*WHAT NEEDS TO BE DONE:*
Write out every record below exactly as it appears, omitting the pictures.

*RECORDS SUPPLIED:*
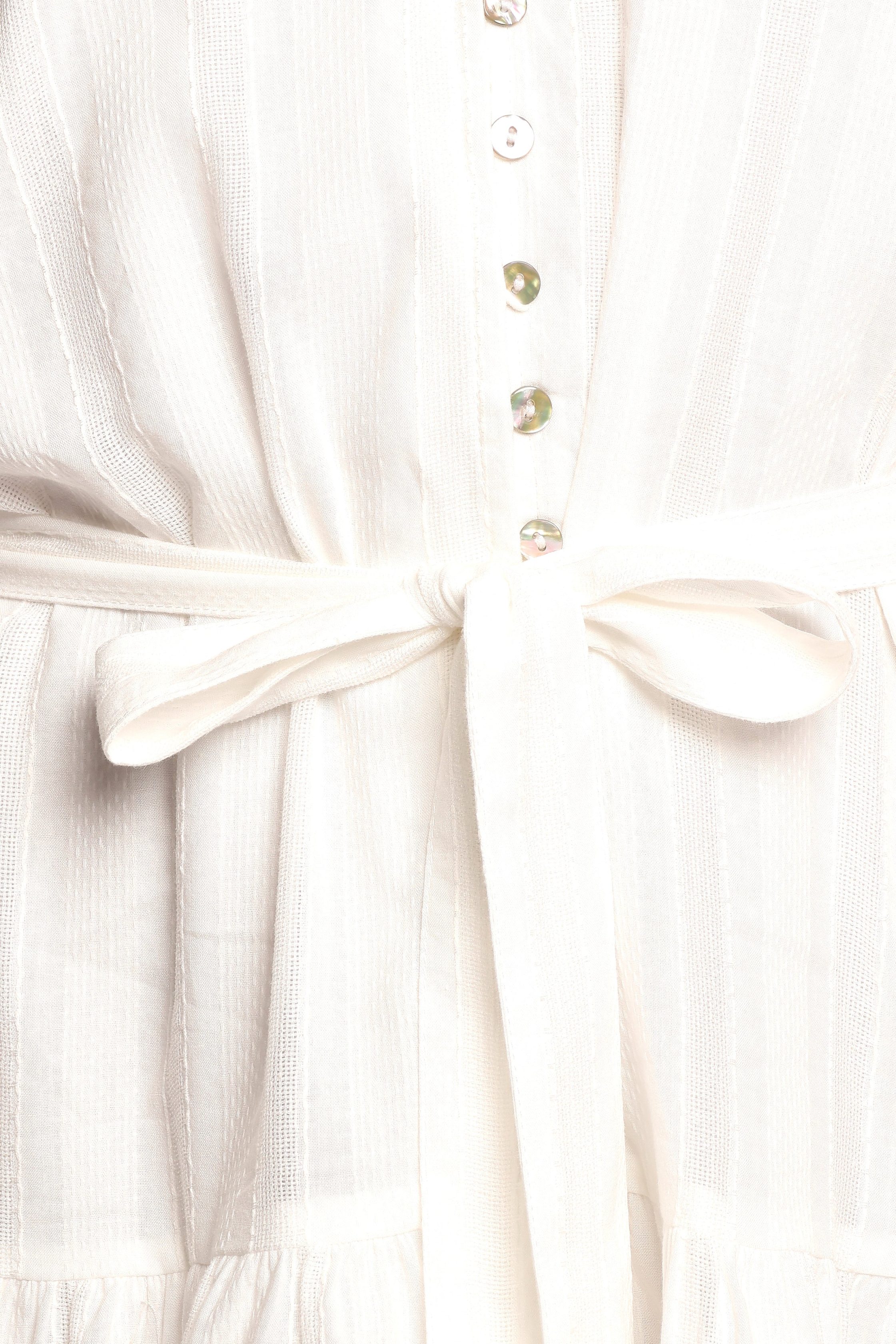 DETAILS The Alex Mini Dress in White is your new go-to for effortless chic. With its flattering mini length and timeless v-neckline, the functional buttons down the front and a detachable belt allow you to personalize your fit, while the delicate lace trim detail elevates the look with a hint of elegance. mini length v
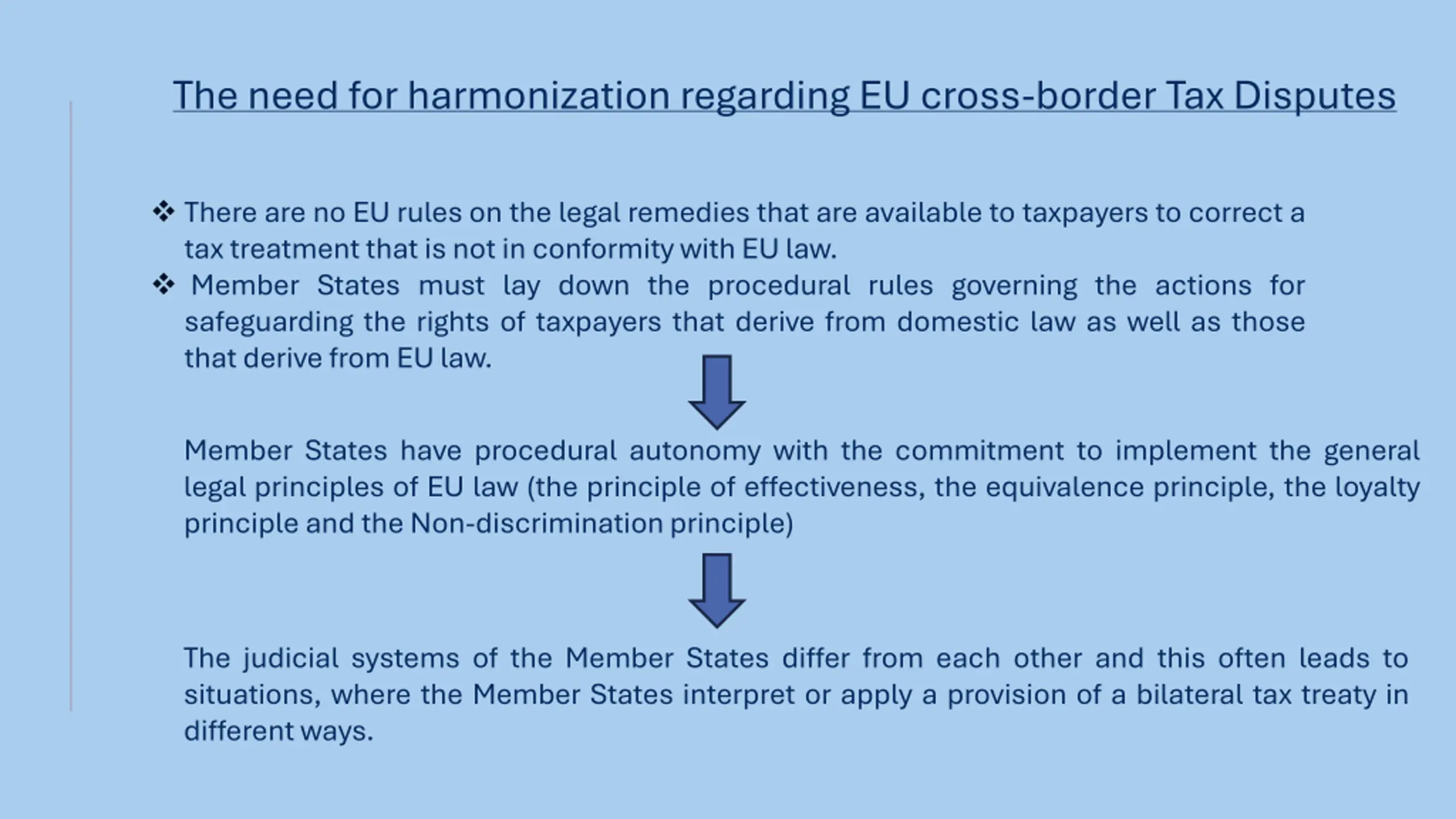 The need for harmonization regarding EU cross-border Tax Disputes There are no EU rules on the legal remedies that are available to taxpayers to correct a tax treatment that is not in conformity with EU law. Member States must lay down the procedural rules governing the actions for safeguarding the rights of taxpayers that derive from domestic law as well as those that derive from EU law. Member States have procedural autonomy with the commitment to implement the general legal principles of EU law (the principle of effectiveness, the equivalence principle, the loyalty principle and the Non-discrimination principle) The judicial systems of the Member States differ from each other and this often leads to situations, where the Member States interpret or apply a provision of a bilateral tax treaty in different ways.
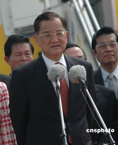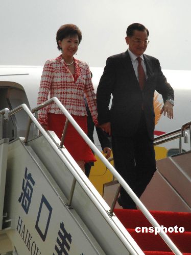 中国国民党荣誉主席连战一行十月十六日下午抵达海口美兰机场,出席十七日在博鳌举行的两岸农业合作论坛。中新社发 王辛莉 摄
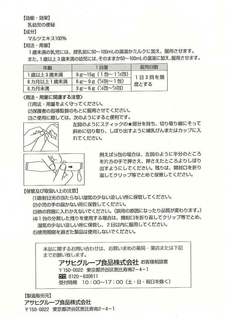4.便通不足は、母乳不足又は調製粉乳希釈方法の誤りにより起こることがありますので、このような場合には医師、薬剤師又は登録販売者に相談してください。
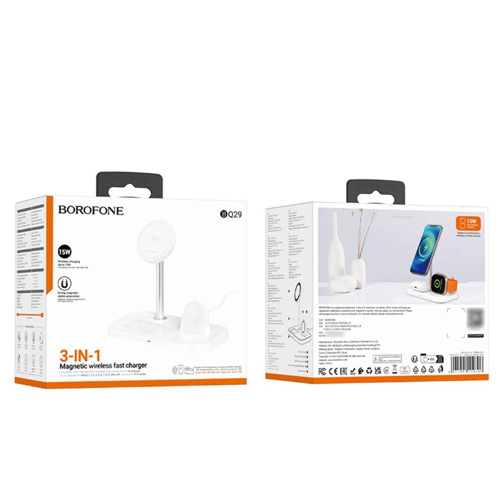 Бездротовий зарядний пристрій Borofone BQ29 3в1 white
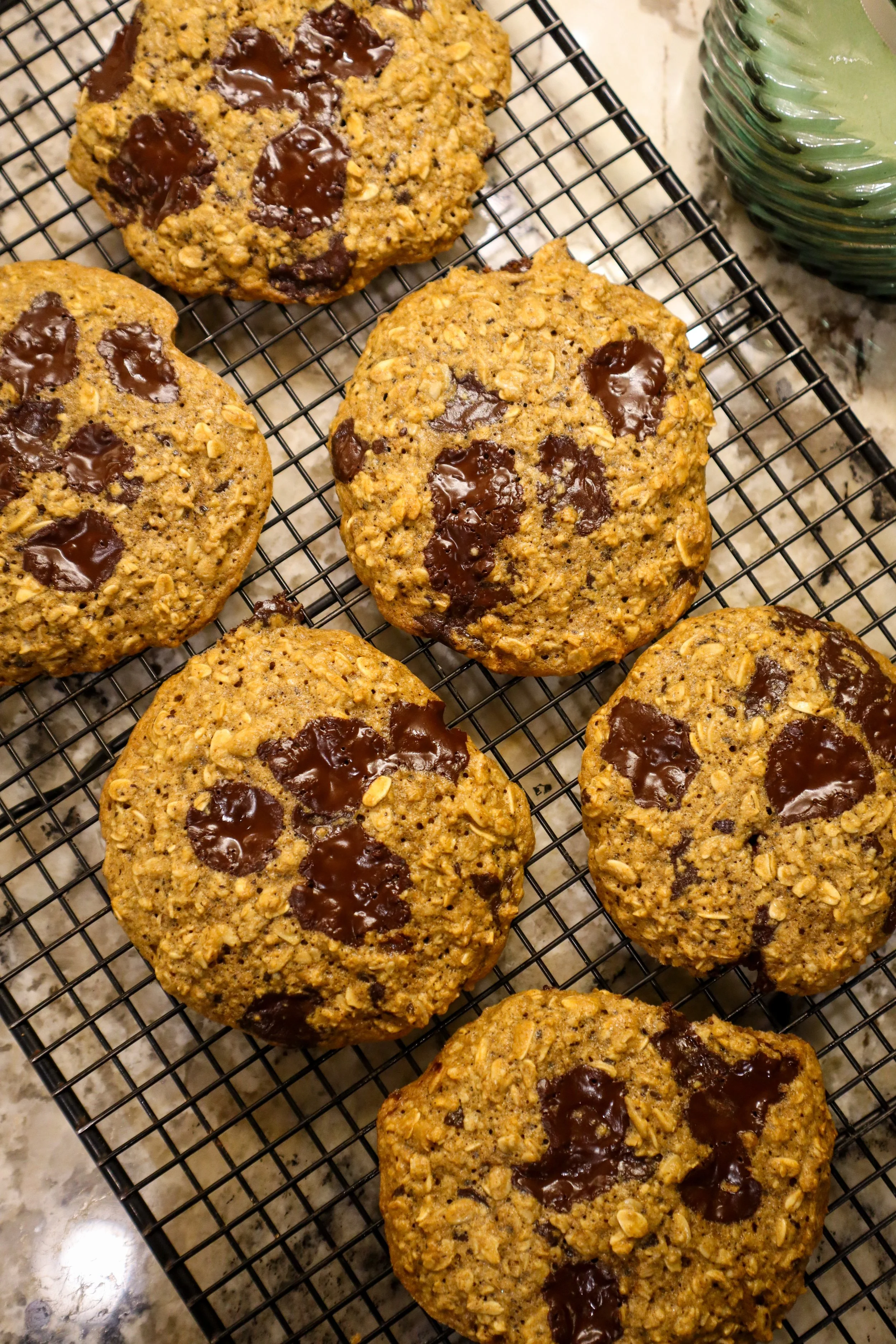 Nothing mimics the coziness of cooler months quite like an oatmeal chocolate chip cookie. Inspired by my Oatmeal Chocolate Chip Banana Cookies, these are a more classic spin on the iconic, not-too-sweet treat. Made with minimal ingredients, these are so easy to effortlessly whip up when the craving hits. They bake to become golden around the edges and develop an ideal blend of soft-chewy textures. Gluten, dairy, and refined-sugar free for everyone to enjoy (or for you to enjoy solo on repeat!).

*ANSWER FOR THIS EXERCISE:*
 DETAILS The Alex Mini Dress in White is your new go-to for effortless chic. With its flattering mini length and timeless v-neckline, the functional buttons down the front and a detachable belt allow you to personalize your fit, while the delicate lace trim detail elevates the look with a hint of elegance. mini length v
 The need for harmonization regarding EU cross-border Tax Disputes There are no EU rules on the legal remedies that are available to taxpayers to correct a tax treatment that is not in conformity with EU law. Member States must lay down the procedural rules governing the actions for safeguarding the rights of taxpayers that derive from domestic law as well as those that derive from EU law. Member States have procedural autonomy with the commitment to implement the general legal principles of EU law (the principle of effectiveness, the equivalence principle, the loyalty principle and the Non-discrimination principle) The judicial systems of the Member States differ from each other and this often leads to situations, where the Member States interpret or apply a provision of a bilateral tax treaty in different ways.
 中国国民党荣誉主席连战一行十月十六日下午抵达海口美兰机场,出席十七日在博鳌举行的两岸农业合作论坛。中新社发 王辛莉 摄
4.便通不足は、母乳不足又は調製粉乳希釈方法の誤りにより起こることがありますので、このような場合には医師、薬剤師又は登録販売者に相談してください。
 Бездротовий зарядний пристрій Borofone BQ29 3в1 white
 Nothing mimics the coziness of cooler months quite like an oatmeal chocolate chip cookie. Inspired by my Oatmeal Chocolate Chip Banana Cookies, these are a more classic spin on the iconic, not-too-sweet treat. Made with minimal ingredients, these are so easy to effortlessly whip up when the craving hits. They bake to become golden around the edges and develop an ideal blend of soft-chewy textures. Gluten, dairy, and refined-sugar free for everyone to enjoy (or for you to enjoy solo on repeat!).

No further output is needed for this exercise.